Pool boiling enhancement using vapor channels in microporous surfaces

Abstract

We investigate the enhancement in the critical heat flux (CHF) and the heat transfer coefficient (HTC) during pool boiling for deionized (DI) water using microporous surfaces with micromachined vapor channels. During pool boiling, a vapor layer forms and grows within the microporous coating, which results in the CHF being determined by the viscous-capillary limit rather than the hydrodynamic-instability limit. Controlling or preventing the growth of this vapor layer is the key to the enhancement of pool boiling on microporous surfaces. By fabricating channels in the microporous coatings which allows for the efficient releasing of the vapor, a significant enhancement is achieved both in CHF and in HTC, being more than four times greater than that for flat surfaces.
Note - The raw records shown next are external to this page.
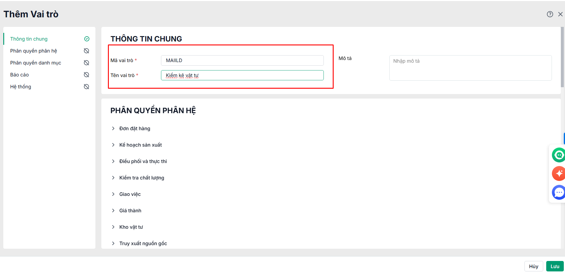 Bước 3: Khai báo các thông tin chung của vai trò: Mã vai trò, Tên vai trò, Mô tả.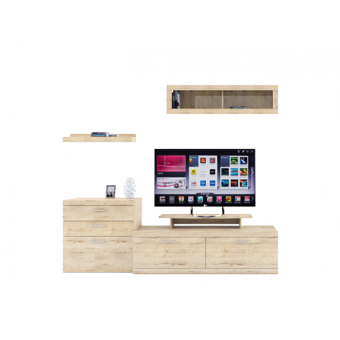 2. 4 варианта тумб RTV с выдвижными ящиками на шариковых направляющих. 2 размера надставных полок для RTV-тумб (полка TVB и полка TV), позволяющих установить выше телевизор. Варианты навесных полок, соответствующих по размеру тумбам для телевизора. Тумба RTV 2S2NL имеет глубину 351 мм, что позволяет составить модули, имеющие такую же глубину, в одну линию без выступающих элементов.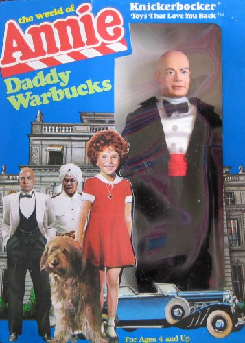 Posted by V Small at 9:32 AMThe World of Annie, Daddy Warbucks is a 1982 Knickerbocker Toy Co production, made in Hong Kong. Includes: Daddy Warbucks Doll approx. 6.5" tall w/black velvety Tuxedo, white Shirt w/silver dot "buttons" in front, a black Bow Tie, red Cummerbund & a pair of black Shoes. Sizes, colors, styles, & info may vary. For Ages 4+ Years. CAUTION: Small Parts. From the 1982 Columbia Pictures Movie, "The Wor... Read More at Amazon.com 00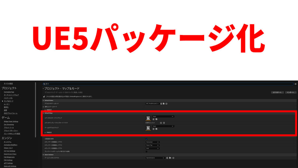 UE5.6でゲームをパッケージ化 ゲーム配信サイトGameHub 実際の作業フロー ①プロジェクト設定➡マップ設定 デフォルトマップとゲームスタート時のマップを指定します。 ②プロジェクト設定➡パッケージ化➡詳細設定➡マップのみクック➡パッケージ化されたビルド... -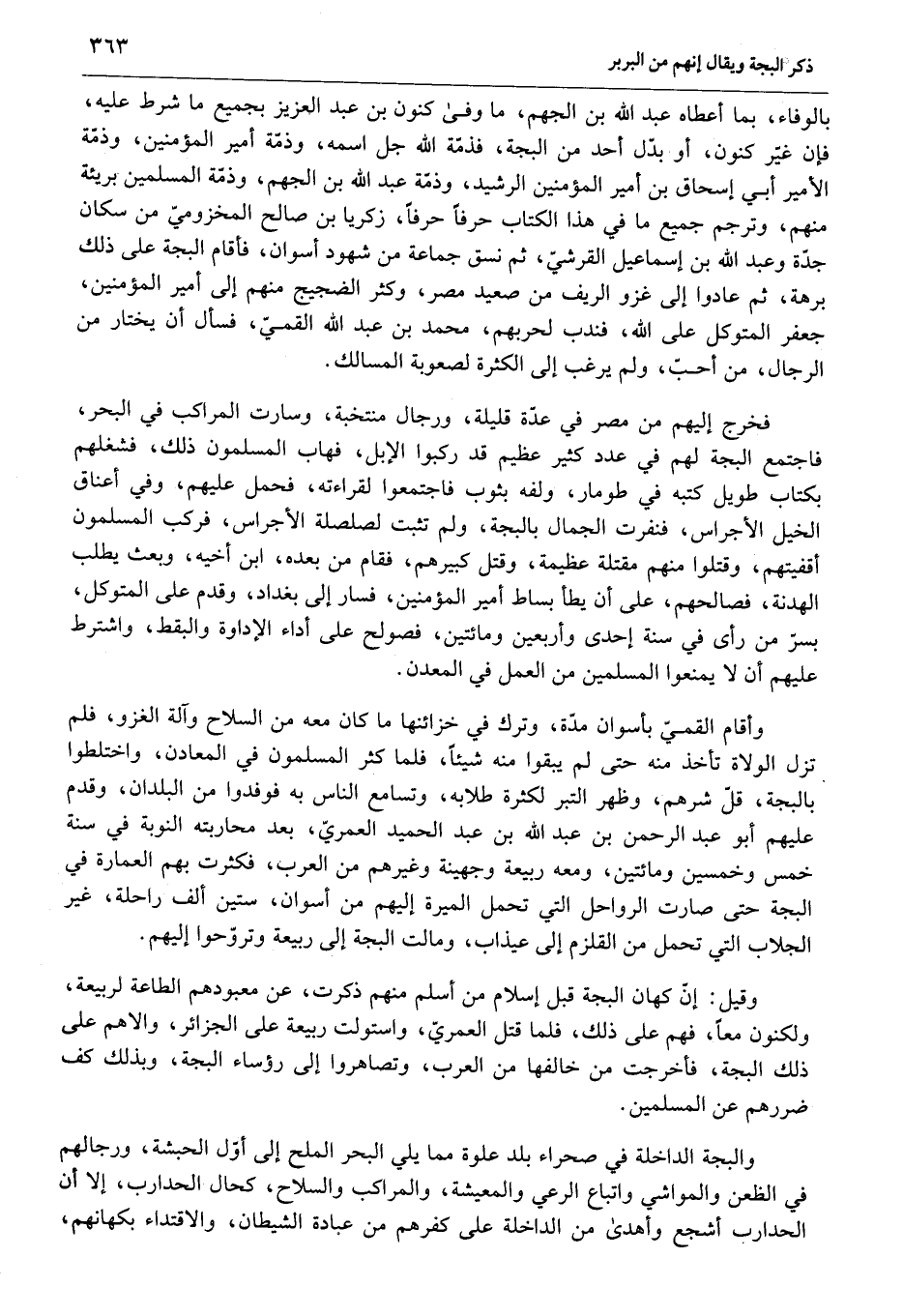 بالوفاء، بما أعطاه عبد الله بن الجهم، ما وفى كنون بن عبد العزيز بجميع ما شرط عليه، فإن غيّر كنون، أو بدّل أحد من البجة، فذمّة الله جل اسمه، وذمّة أمير المؤمنين، وذمّة الأمير أبي إسحاق بن أمير المؤمنين الرشيد، وذمّة عبد الله بن الجهم، وذمّة المسلمين بريئة منهم، وترجم جميع ما في هذا الكتاب حرفا حرفا، زكريا بن صالح المخزوميّ من سكان جدّة وعبد الله بن إسماعيل القرشيّ، ثم نسق جماعة من شهود أسوان، فأقام البجة على ذلك برهة، ثم عادوا إلى غزو الريف من صعيد مصر، وكثر الضجيج منهم إلى أمير المؤمنين، جعفر المتوكل على الله، فندب لحربهم، محمد بن عبد الله القميّ، فسأل أن يختار من الرجال، من أحبّ، ولم يرغب إلى الكثرة لصعوبة المسالك.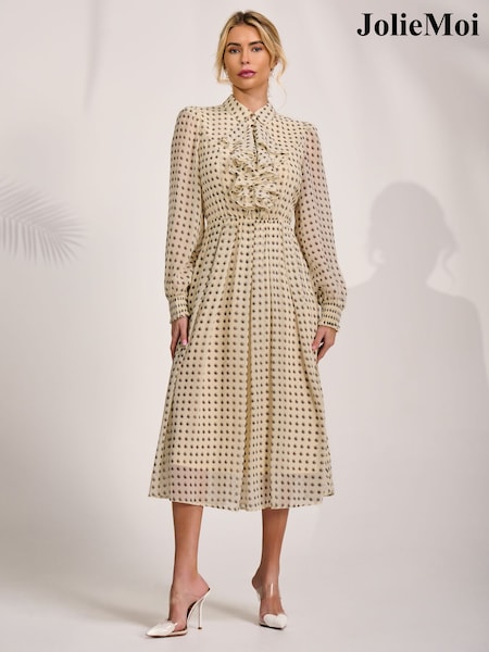 大地色 - Jolie Moi Textured Chiffon Long Sleeve Shirt Dress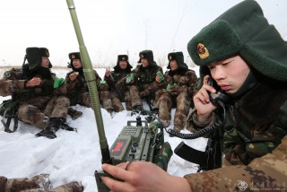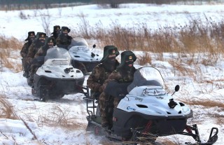 官兵驾驶摩托雪橇在风雪边关巡逻执勤。(记者穆可双摄于2016年2月)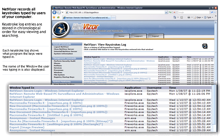 - Keystroke Monitoring [view screenshot] - NetVizor corporate network monitoring software can monitor and log all keystrokes along with the window they are typed in and time stamp.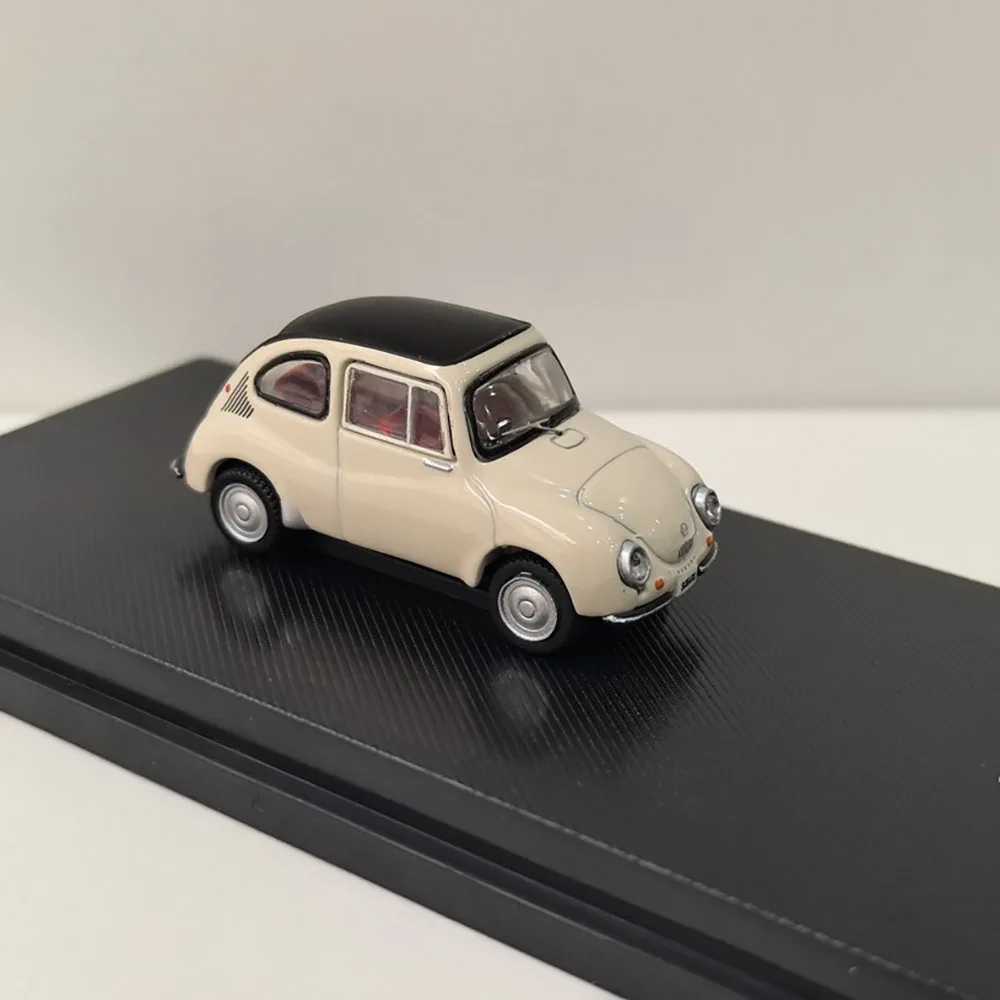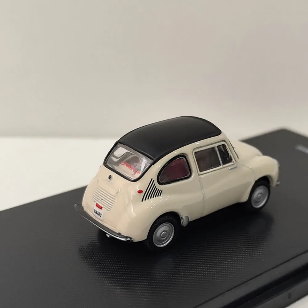 Experience the timeless charm of the this Subaru 360 K11 1958 die-cast model, meticulously crafted to bring vintage automotive elegance into your collection. Crafted from high-quality alloy, plastic, and rubber, this 1:64 scale replica captures the iconic rounded body shape, smooth curves, and intricate details of the original. Its creamy beige body with a contrasting black roof creates an eye-catching aesthetic that echoes classic design. Fine features like detailed headlights, grille, door handles, and transparent windows revealing a vibrant red interior make this model an authentic collectible. Whether displayed on a shelf or gifted to a fellow enthusiast, this piece exudes the nostalgic allure of vintage cars with precise craftsmanship details.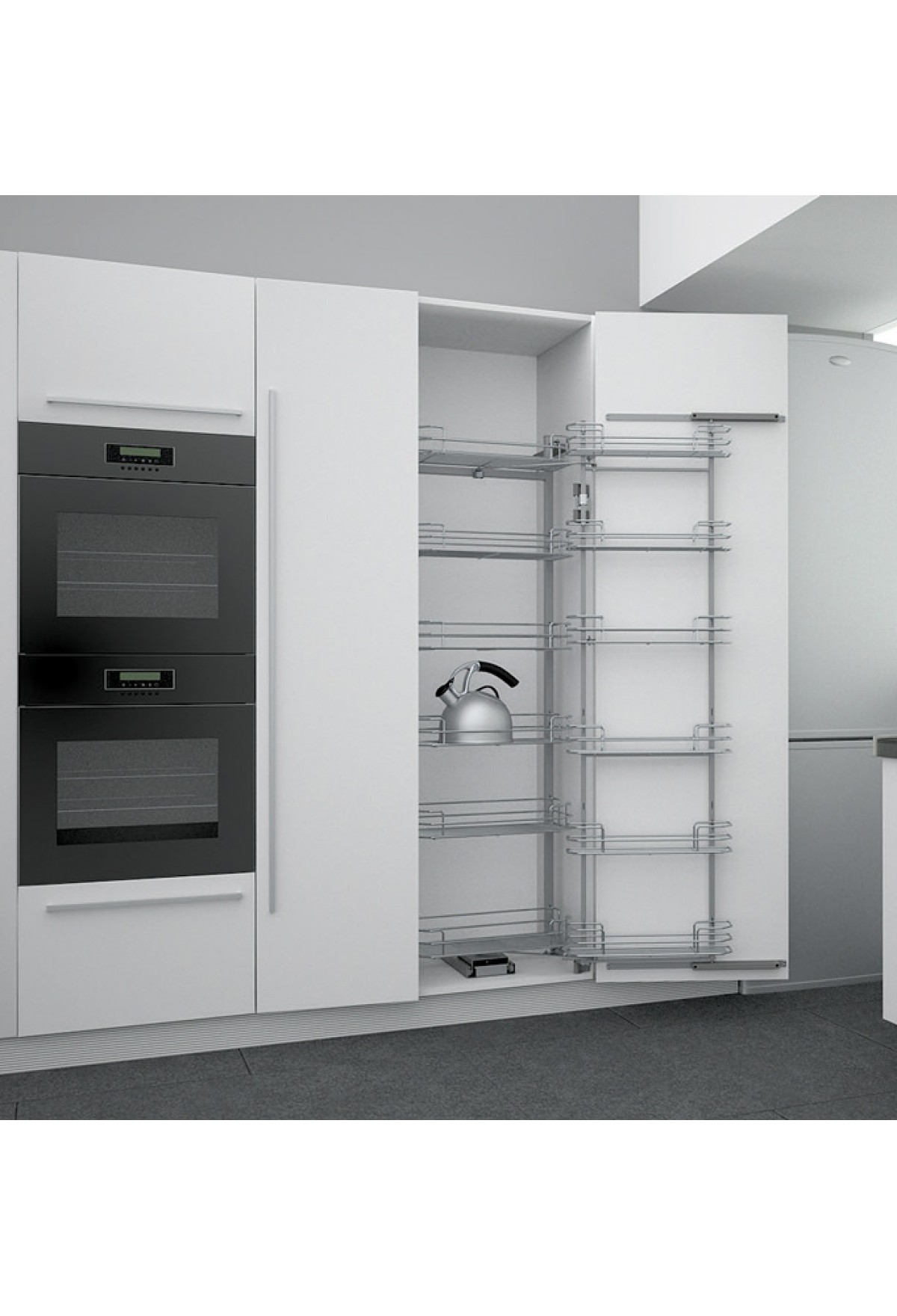 Самая высокая эффективность использования пространства в распашном высоком шкафу. Прекрасный обзор и легкий доступ ко всему содержимому благодаря разделению пространства шкафа. Специальная конструкция исключает нагрузку на фасад, что облегчает эксплуатацию и продлевает срок службы мебели.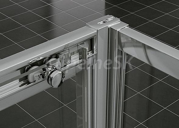 Ronal Top-Line TOE3G Sprchové dvere určené na kombináciu s druhými dverami TOE3D o ľubovoľnom rozmere, čím máte možnosť vytvoriť atypický rohový kút s rohovým vstupom. Trojdielne posuvné dvere, 3mm kalené bezpečnostné sklo so vzorom Durlux. Plastové dieliky sú v chrómovanom prevedení. Magnetické tesnenie dverí zaručujúce tesnosť dverí.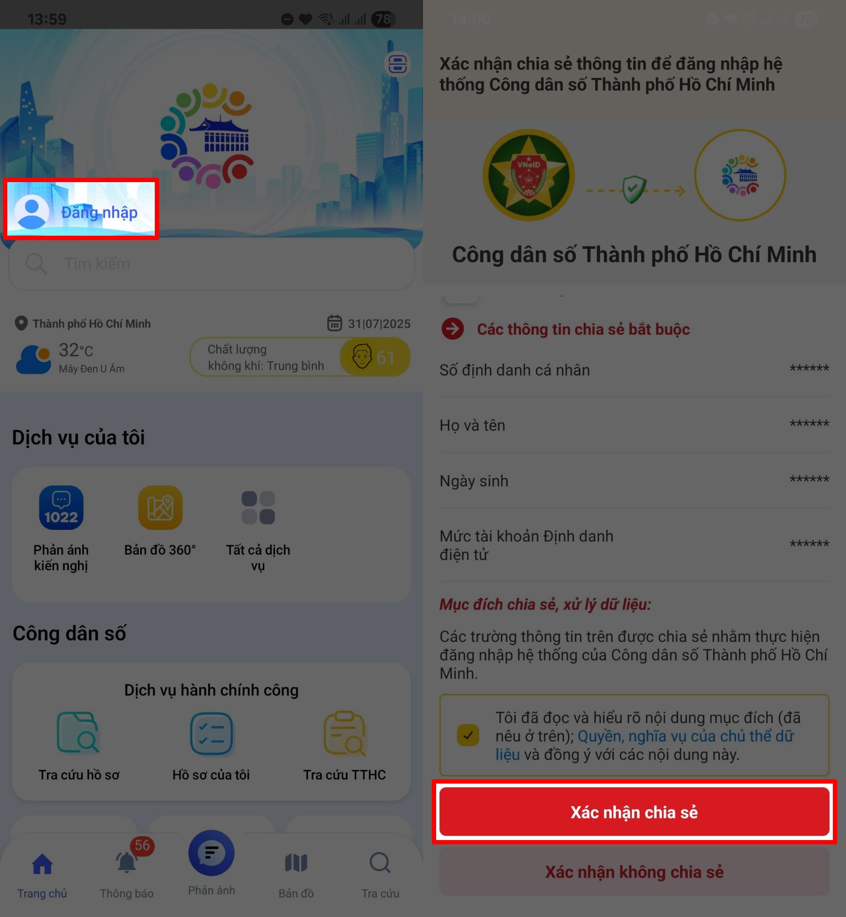 Sau khi tải xong, bạn đăng nhập tài khoản để sử dụng. Có thể đăng nhập bằng tài khoản VNeID để đăng nhập diễn ra nhanh chóng và dễ dàng hơn.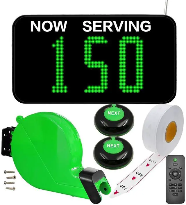 KOQICALL Take a Number Machine Queue Wireless Calling System for Customers with 1 Dot-Matrix Display Show Now Serving Number 2 Waterproof Next Call Button 1 Green Ticket Dispenser

However, it was observed that the vapor layer was not completely eliminated and results in a decrease in HTC with increasing heat flux and that the CHF is controlled by the viscous-capillary limit. A viscous-capillary analysis revealed that the lateral vapor flow through pores as well as acceleration by phase change are the dominant pressure drops that causes the vapor-layer growth. Using this knowledge, we demonstrate through the placement of additional vapor channels in the substrate under the microporous coating, the pressure drop can be reduced. This design exhibits a nearly constant HTC up to CHF which is beneficial for eliminating the variance in HTC under high heat flux conditions. By optimizing the vapor channel design, the CHF would be reach to the hydrodynamic-instability limit.